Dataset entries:
- - - - -
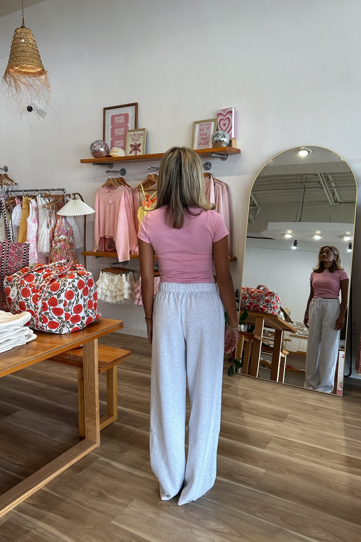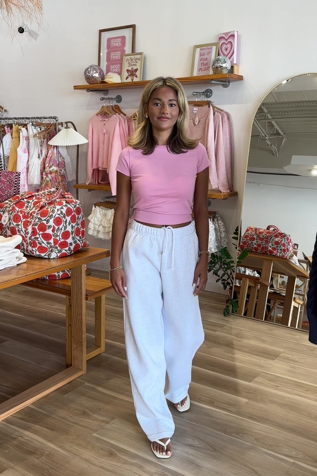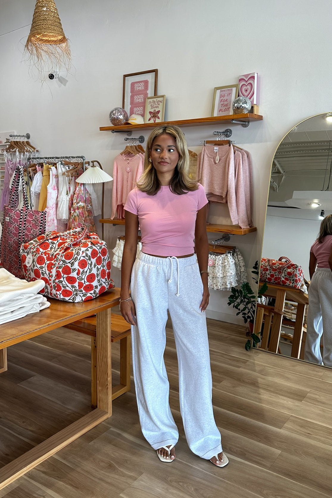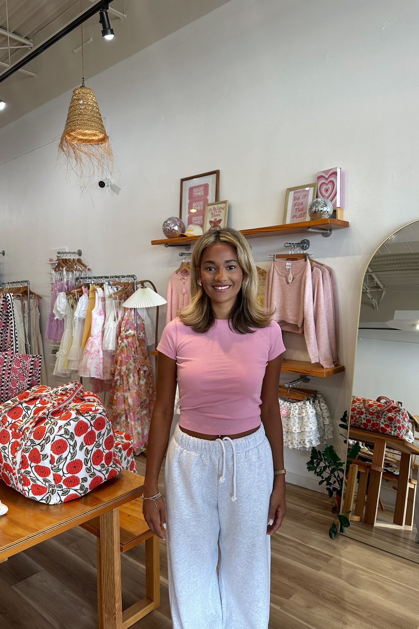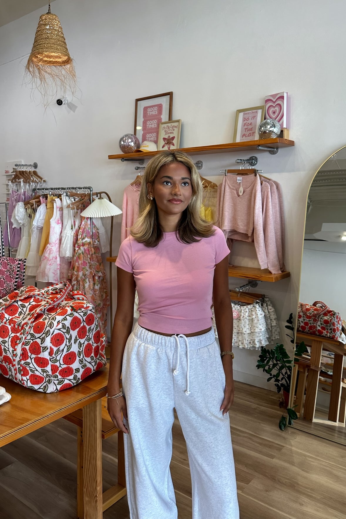 Pink, cotton blend baby tee with crew neckline and hem stitching
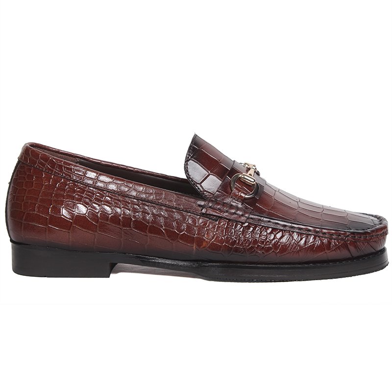 A handcrafted brown calf leather loafer with an elegant croc-textured finish and leather sole — designed for refined luxury and timeless bespoke style.
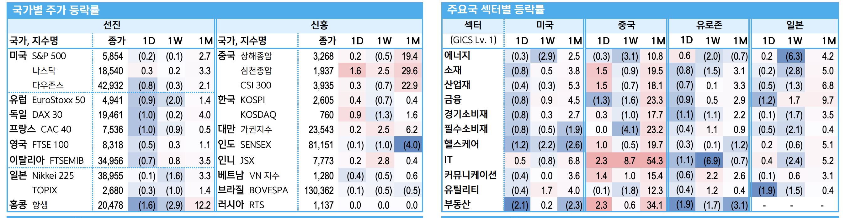 - 중국: 상해종합 +0.2% 상승, LPR 금리 인하 효과로 기술주 강세
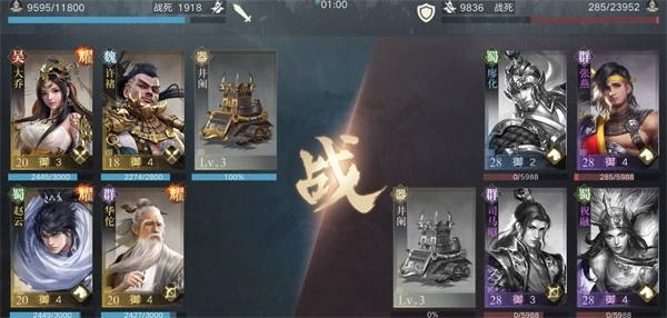 接下来要介绍的第二套用于前期恢复兵力、开拓领地的阵容配置是:赵云、大乔、于禁、卢植,这套组合总共需要14点御值。
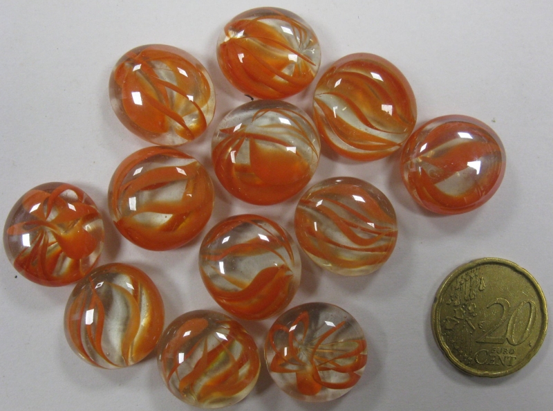 12 glasnuggets met strepen erin, zogenaamde kattenogen.
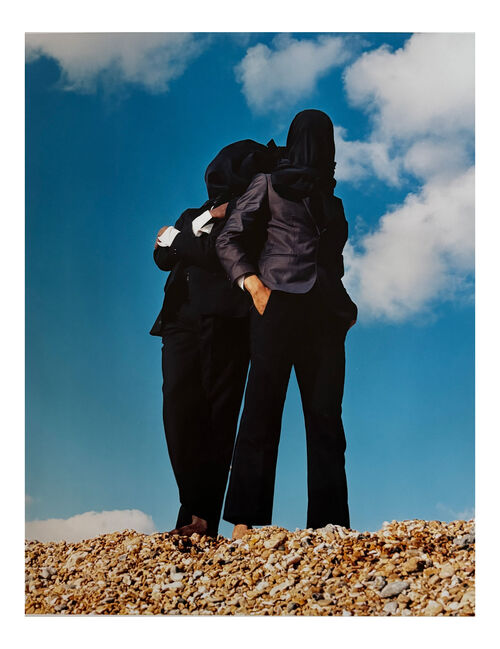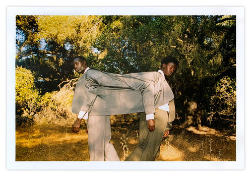 Many of Tyler Mitchell’s photographs evoke the themes of dandyism: In fact, curators at the Metropolitan Museum of Art thought that the 29-year-old artist’s oeuvre embodied the theme so well that they commissioned him to shoot the catalogue for the exhibit. Many of those pictures—which depict Spike Lee, Ayo Edebiri, Dapper Dan, and others—feature elements of dandyism, including strong suits and tailored outerwear. Indeed, many of Mitchell’s other pieces, like Untitled (Brighton) (2018), also speak to the photographer’s interest in fashion. This bold photograph depicts two figures wearing well-fitting black suits, which the viewer can see clearly. However, black fabric obscures the faces of the subjects in a way that’s evocative of René Magritte’s seminal work The Lovers (1928); Mitchell’s decision to highlight the subjects’ outfits—but not their faces—makes us question who the photo’s protagonists are and what their clothes reveal about them.
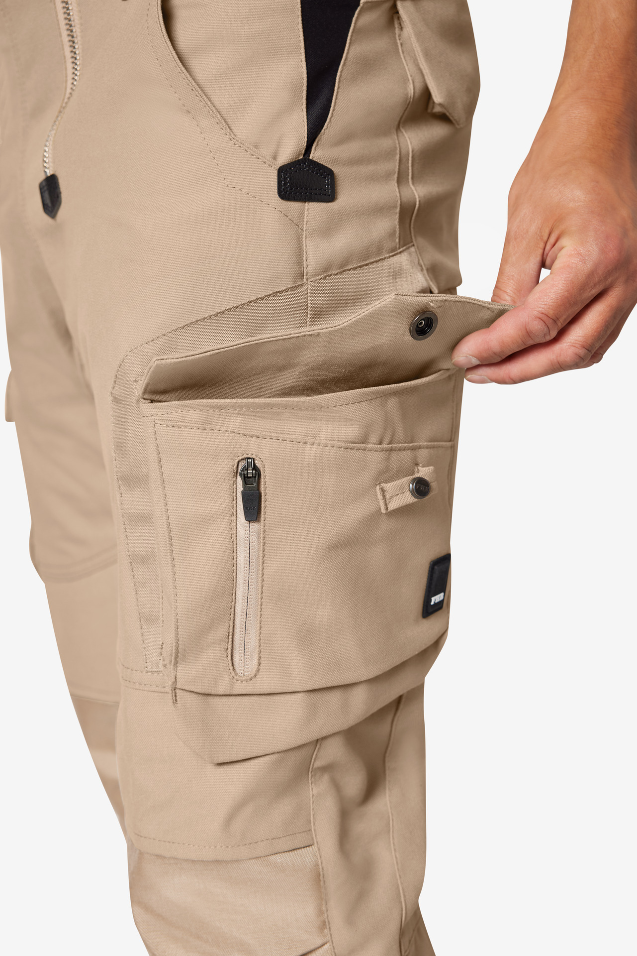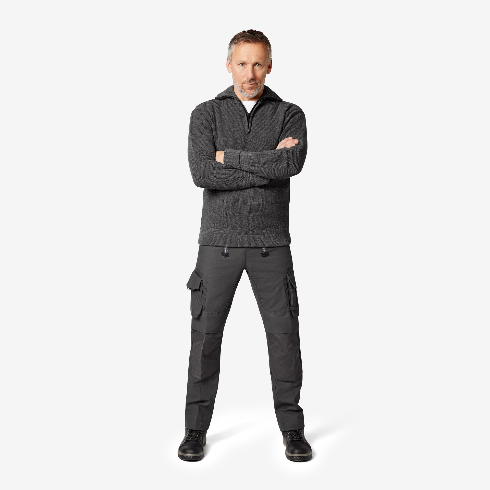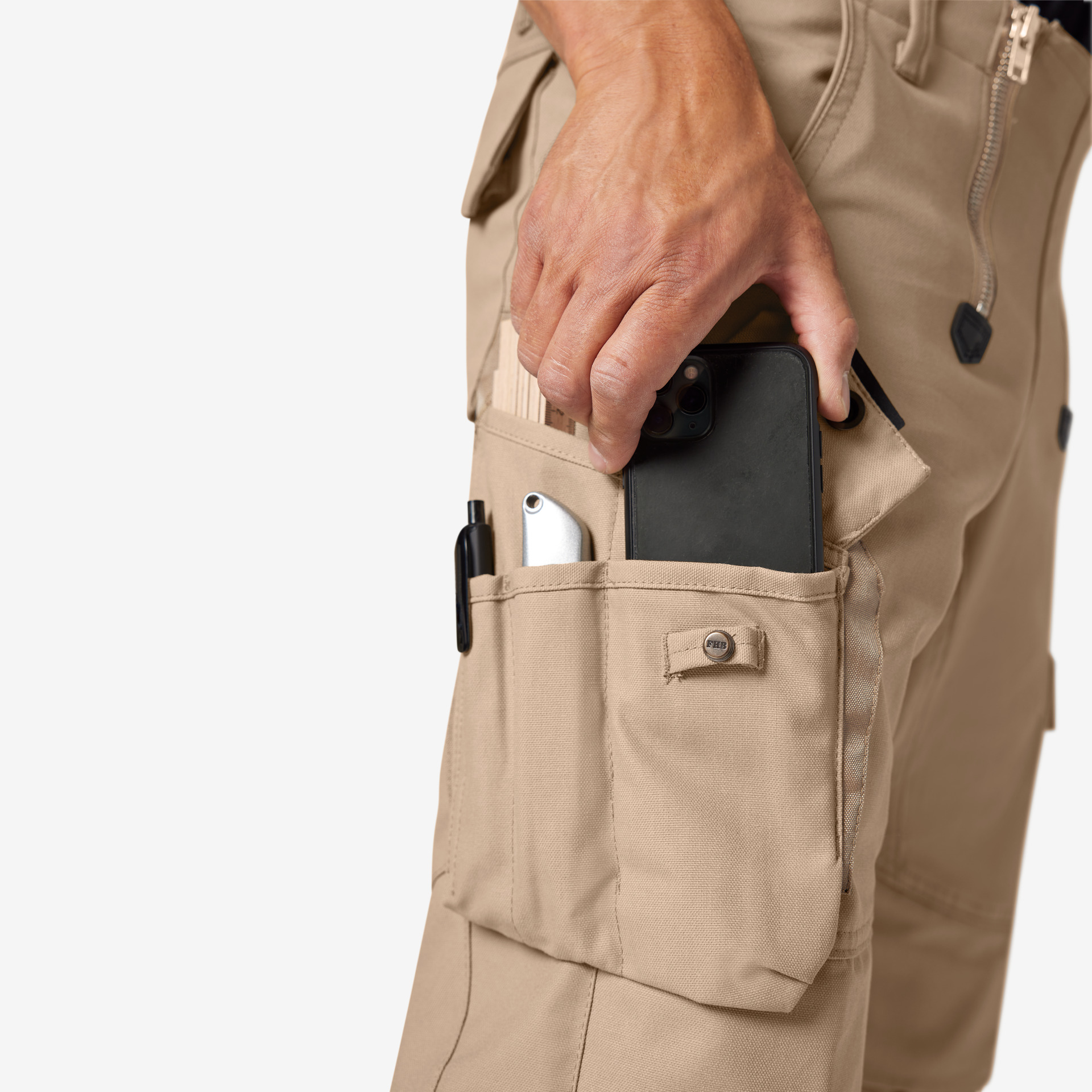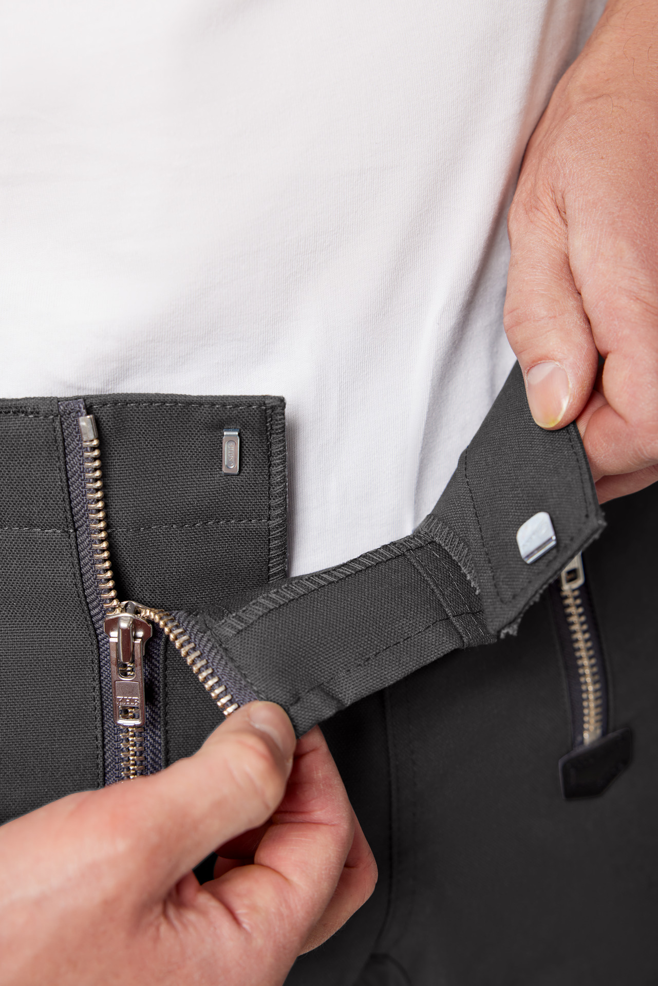 Extrem strapazierfähige Worker-Jeansshorts mit dehnbarem Hosenbund durch robuste Strickeinsätze an den Seiten. Gürtelschlaufen, Hosenknopf und Reißverschluss. Patch am hinteren Bund und ergonomisch vorgeformte Passform. Zwei Einschubtaschen, rechts mit zusätzlicher Sicherheits-Reißverschlusstasche. Zwei Gesäßtaschen mit Stickerei, rechts mit Patte und Klettverschluss. Zwei Cargotaschen mit multifunktionellen Unterteilungen, verschließbar mit Patten und Reißverschlüssen. Aufgesetzte Zollstocktasche auf der rechten Seite. […]
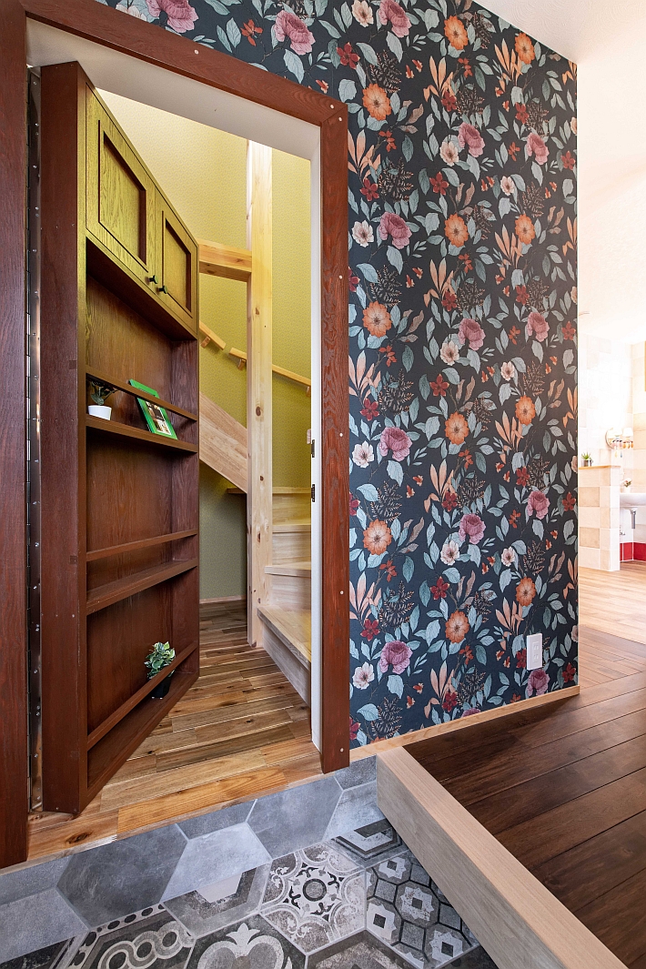 扉を開けた向こう側は子世帯の玄関です。忍者屋敷のような、あるいはハリーポッターの映画に出てくるような遊び心のある仕掛けです。O様のアイデアを元に弊社で造作した扉です。
- - - - -
## How to complete this task:
With the images omitted, retype the records above exactly.

## Written reply:
 Pink, cotton blend baby tee with crew neckline and hem stitching
 A handcrafted brown calf leather loafer with an elegant croc-textured finish and leather sole — designed for refined luxury and timeless bespoke style.
 - 중국: 상해종합 +0.2% 상승, LPR 금리 인하 효과로 기술주 강세
 接下来要介绍的第二套用于前期恢复兵力、开拓领地的阵容配置是:赵云、大乔、于禁、卢植,这套组合总共需要14点御值。
 12 glasnuggets met strepen erin, zogenaamde kattenogen.
 Many of Tyler Mitchell’s photographs evoke the themes of dandyism: In fact, curators at the Metropolitan Museum of Art thought that the 29-year-old artist’s oeuvre embodied the theme so well that they commissioned him to shoot the catalogue for the exhibit. Many of those pictures—which depict Spike Lee, Ayo Edebiri, Dapper Dan, and others—feature elements of dandyism, including strong suits and tailored outerwear. Indeed, many of Mitchell’s other pieces, like Untitled (Brighton) (2018), also speak to the photographer’s interest in fashion. This bold photograph depicts two figures wearing well-fitting black suits, which the viewer can see clearly. However, black fabric obscures the faces of the subjects in a way that’s evocative of René Magritte’s seminal work The Lovers (1928); Mitchell’s decision to highlight the subjects’ outfits—but not their faces—makes us question who the photo’s protagonists are and what their clothes reveal about them.
 Extrem strapazierfähige Worker-Jeansshorts mit dehnbarem Hosenbund durch robuste Strickeinsätze an den Seiten. Gürtelschlaufen, Hosenknopf und Reißverschluss. Patch am hinteren Bund und ergonomisch vorgeformte Passform. Zwei Einschubtaschen, rechts mit zusätzlicher Sicherheits-Reißverschlusstasche. Zwei Gesäßtaschen mit Stickerei, rechts mit Patte und Klettverschluss. Zwei Cargotaschen mit multifunktionellen Unterteilungen, verschließbar mit Patten und Reißverschlüssen. Aufgesetzte Zollstocktasche auf der rechten Seite. […]
 扉を開けた向こう側は子世帯の玄関です。忍者屋敷のような、あるいはハリーポッターの映画に出てくるような遊び心のある仕掛けです。O様のアイデアを元に弊社で造作した扉です。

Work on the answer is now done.